In the borderlands of the US and Mexico, agriculture, pastoralism, urbanization, industrialization, and other growing anthropogenic disturbances are interacting with long-term climate change and interannual climate variability to accelerate desertification. Recent studies have shown that desertification has no one cause; initiation and propagation of desertification is a consequence of a number of natural and human variables. Both traditional and novel field and remote sensing techniques are vital for understanding the processes involved in desertification, but they are inadequate for regional-scale desertification studies when used alone. This is especially true for studies aimed at forecasting desertification.

Remote sensing of arid regions is difficult and necessitates innovative techniques. Desert plants typically manifest long periods of dormancy interspersed with brief "greenings" associated with storms or seasonal rainfall. During these relatively short productive periods, the characteristic spectral features of desert plants change, as does total vegetation cover. Current long repeat times of Landsat and other present satellite sensors provide insufficient temporal resolution to reliably capture the short, but critical, greening.

Further, arid region vegetation is intrinsically difficult to study remotely because: (1) vegetative cover usually is sparse compared to soil background, (2) soil and plant spectral signatures tend to mix non-linearly, and (3) arid plants tend to lack the strong red edge found in plants of humid regions due to ecological adaptations to harsh desert environment. A very important result of these studies is that conventional vegetative red indices can be unreliable measures of arid region plant cover with potential for over- or underestimation of the actual vegetative cover. Despite these challenges, we believe that there is the potential now and in the EOS-era to measure secular changes in vegetation and eventually to remotely monitor several desertification processes.

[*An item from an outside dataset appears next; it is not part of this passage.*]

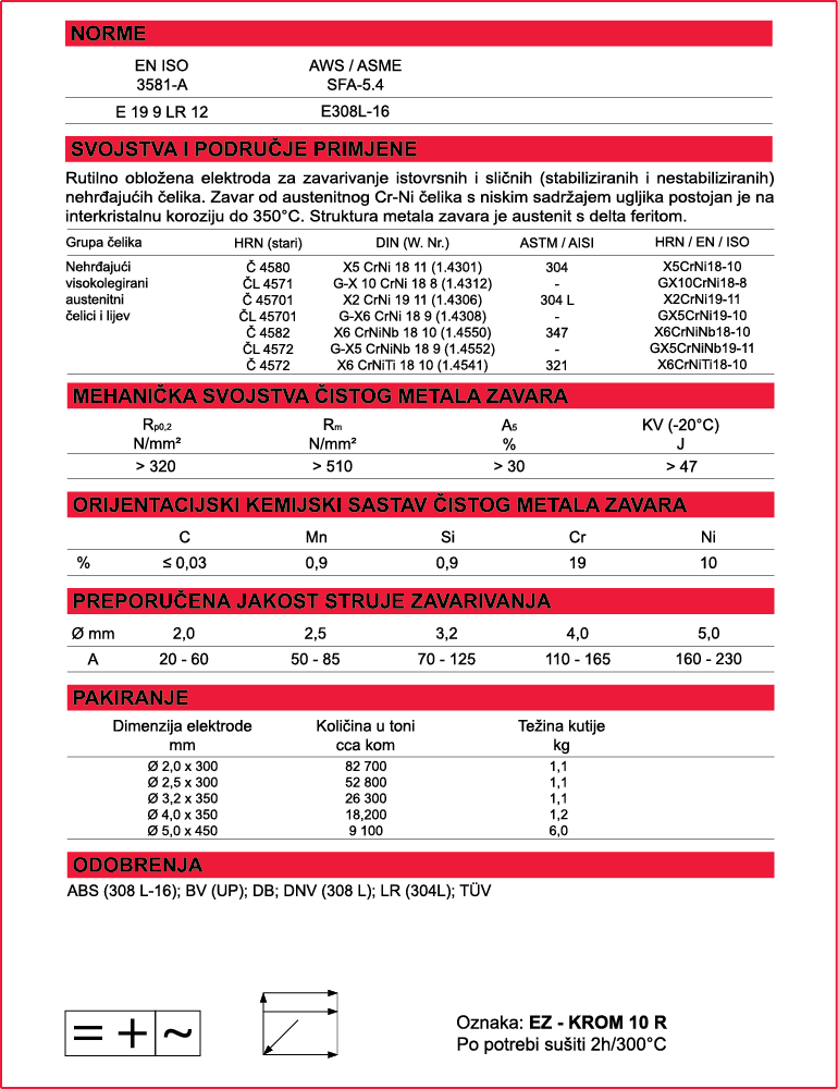 Rutilno obložena elektroda za zavarivanje istovrsnih i sličnih (stabiliziranih i nestabiliziranih) nerđajućih čelika. Zavar od austenitnog Cr-Ni čelika s niskim sadržajem ugljika postojan je na interkristalnu koroziju do 350°C. Struktura metala zavara je austenit s delta feritom.

Desertification is a compound phenomenon in that there are many small- and large-scale phenomena which contribute to overall landscape degradation. No single research program can treat all desertification phenomena. Therefore, we have chosen to concentrate on several key phenomena which have interpretable remote sensing signatures. In particular, three desertification phenomena have been isolated for study: sand blow-outs and dune formation, grazing gradients, and increases in shrub- over grass-cover.

Sand blow-outs appear in remote sensing images as bright "smudges" in the direction of the prevailing winds, due to the brightness of blown sand in all MSS and TM bands. We believe that this is the result of the concentration at the surface of sand-sized grains in areas of blown sand. These smaller grains, in turn, are thought to be more reflective in the infrared than larger grains of similar mineralogy. This explanation has been invoked elsewhere as a means of discriminating active from inactive sand dunes, even in areas of partial vegetation.

Grazing gradients in ecological or physical parameters occur due to the preferential grazing of livestock in some areas over others. Since grazing livestock concentrate around point sources of water in arid regions, grazing gradients often develop in heavily grazed areas adjacent to water sources. Biomass around point sources of water, therefore, will be reduced by the presence of livestock. This, in itself, does not signal desertification. However, if grazed areas do not recover throughout a normal growing season, some landscape damage may be inferred. Furthermore, the degree to which a grazing gradient is erased throughout a growing season is inversely proportional to the degree of desertification. In remote sensing images, grazing gradients appear as sub-circular areas of anomalous reflectance around water sources relative to surrounding areas.

Increases in shrubs in areas undergoing desertification is widespread in the Southwest US, and may be the result of anthropogenic, climate, or some combined disturbance signal. It is visible in remote sensing images by the replacement of grass-dominated reflectance in a pixel by shrub-dominated reflectance. The appearance of a particular pixel, however, can be expected to vary throughout the year as shrubs green and become dormant, and grasses green, senesce, and die. Linear unmixing of spectra from the AVIRIS instrument using well-calibrated field spectra of pixel constituents may provide an effective tool in the monitoring of the grassland to shrubland conversion which accompanies.

Finally, in an attempt to make greater use of both current and future satellite sensors, we are initiating a program of neural net classification of air- and spaceborne remote sensing using high-performance computing. Although this approach will begin with imaging spectrometer data, we will produce reliable classifiers which can use a wide array of current and future remote sensing data. We also hope to create "smart" classifiers which use field spectra of ground constituents to create increasingly more useful classification schemes.

Since many desertification processes occur as "runaway" phenomena for which there are no known remediation techniques, predicting desertification is vital for the sustainability of human activities in arid regions. A prototype conceptual framework is presented which, upon optimization, will aid in the prediction, and therefore hindrance of runaway desertification processes and will contribute to sustainable land management of arid regions.

We plan to develop Leading Desertification Indicators (LDIs) analogous to the widely-used Leading Economic Indicators (LEIs). Like the LEIs, our LDIs will be comprised of an eclectic group of factors each of which is given a weighting factor adjusted to optimize the predicting power of an LDI. Factors included in the LDIs will involve remote sensing, climate, ecological, and socioeconomic data which, whenever possible, must be easily available and routinely collected.